Good morning, y’all. If you are like most of the Bulldawg nation you are waking slowly today. Whether the lethargy is due to the destruction of brain cells by the viewing of the debacle in Oxford, or the alcohol imbibed to make the images of the game go away, either way, the damage to the frontal cortex has been done.
I believe it was on Jacob Eason’s pick six that I jumped from my Barcalounger screaming “my eyes, my eyes”, causing my dear wife Mulva to think I had been struck blind like Paul on the road to Damascus. I guess she figured I was long over due for some sort of Divine Intervention, and being struck blind in the middle of a game was just as good as any other time. Would that it were true.
Instead, the Dear Lord kept me sighted for the entire train wreck, er, game. I do not use the term train wreck lightly. Normally I can find a bright spot to focus on during a defeat and dwell on that aspect until the next week.
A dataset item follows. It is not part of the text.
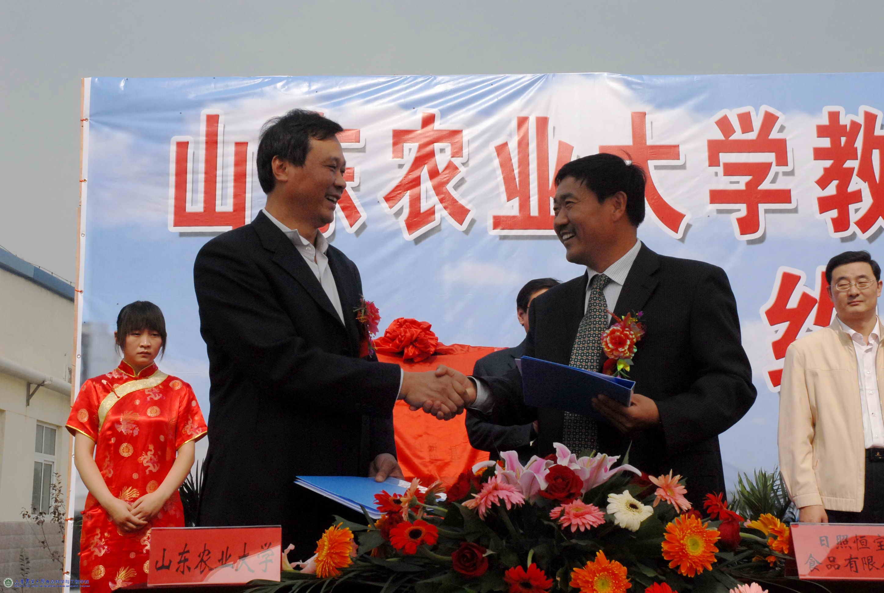 山东农大学生工作处处长朱莉、日照市农业局副局长韩玉凤为教学科研与就业实践基地揭牌。山东农大伟德国际手机1946院长董海洲、恒宝食品有限公司董事长兼总经理申恒宝在合作协议书上签字。山东农大伟德国际手机1946党委副书记田保状、莒县副县长匡立福分别讲话,祝贺山东农大教学科研与就业实践基地落户恒宝食品有限公司,并希望校企合作,共同发展,实现双赢。

There was nothing from yesterday’s game that could be taken forward as a positive to give hope that the inbreds from Tennessee will not stomp a giant mud hole in our team next week in Athens. Nothing.
After a self imposed time out, and many hours of meditation, I have found one positive to the trip. Mississippi has one of the lowest incidents of the Zika virus in the United States. So I guess that while we can say that none of our players can catch a football, they probably didn’t catch the Zika either.
Bud Lite, always looking for the sunny side.